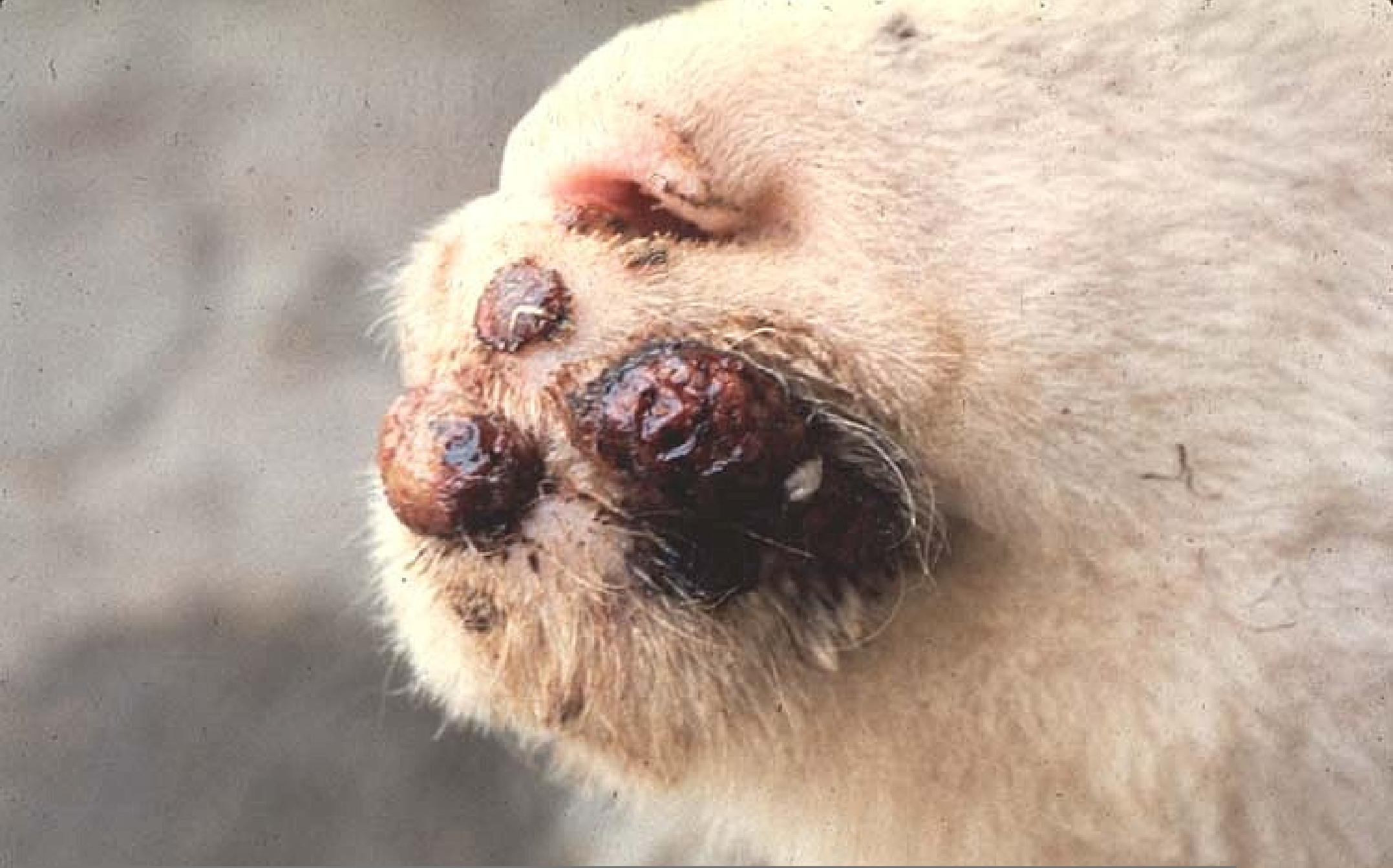
Goat. Papular cheilitis. Contagious echthyma (orf) - parapoxvirus
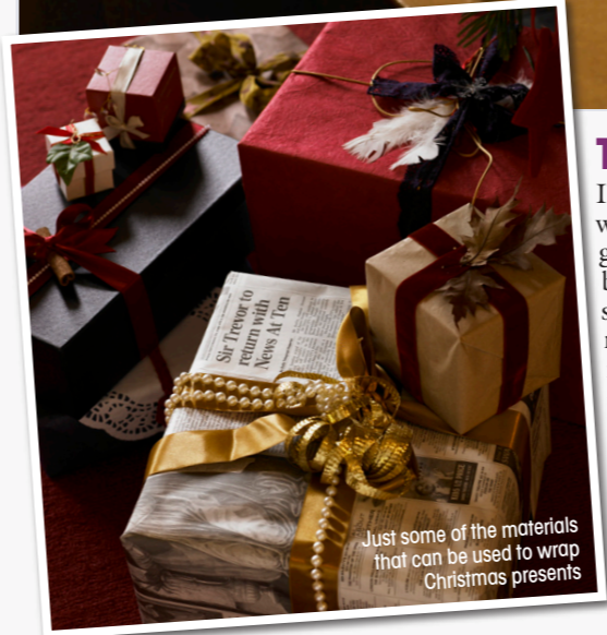
Just some of the materials that can be used to wrap Christmas presents
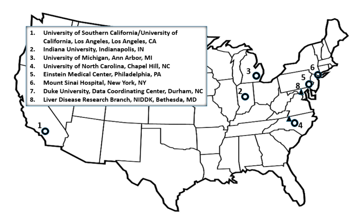
Figure 1. Drug-Induced Liver Injury Network (DILIN) 2015. NIDDK = National Institute of Diabetes and Digestive and Kidney Diseases.

Currently, cases are enrolled from six sites (Figure 1) across the continental U.S. The Los Angeles and North Carolina sites include two large academic centers each, and several sites have outlying satellite clinics expanding their enrollment catchments well beyond their immediate metropolitan areas. All sites are large referral centers for liver disease and transplantation. Each site must go through an entry and then renewal process every five years. The application for entry and renewal is extensive and highly competitive. While there have been site changes over the 12 years, three of the current six sites have remained since inception, and two have been enrolling for more than seven years. Each site maintains institutional review board (IRB) approval at their respective centers. The data coordinating center as well as direct support and oversight by the U.S. National Institute of Diabetes and Digestive and Kidney Diseases (NIDDK) have remained the same since 2004.

(Assigned task):
The answer must be the full listing, word for word, with no images in it.

(Solution below):
Goat. Papular cheilitis. Contagious echthyma (orf) - parapoxvirus
Just some of the materials that can be used to wrap Christmas presents
Figure 1. Drug-Induced Liver Injury Network (DILIN) 2015. NIDDK = National Institute of Diabetes and Digestive and Kidney Diseases.

Currently, cases are enrolled from six sites (Figure 1) across the continental U.S. The Los Angeles and North Carolina sites include two large academic centers each, and several sites have outlying satellite clinics expanding their enrollment catchments well beyond their immediate metropolitan areas. All sites are large referral centers for liver disease and transplantation. Each site must go through an entry and then renewal process every five years. The application for entry and renewal is extensive and highly competitive. While there have been site changes over the 12 years, three of the current six sites have remained since inception, and two have been enrolling for more than seven years. Each site maintains institutional review board (IRB) approval at their respective centers. The data coordinating center as well as direct support and oversight by the U.S. National Institute of Diabetes and Digestive and Kidney Diseases (NIDDK) have remained the same since 2004.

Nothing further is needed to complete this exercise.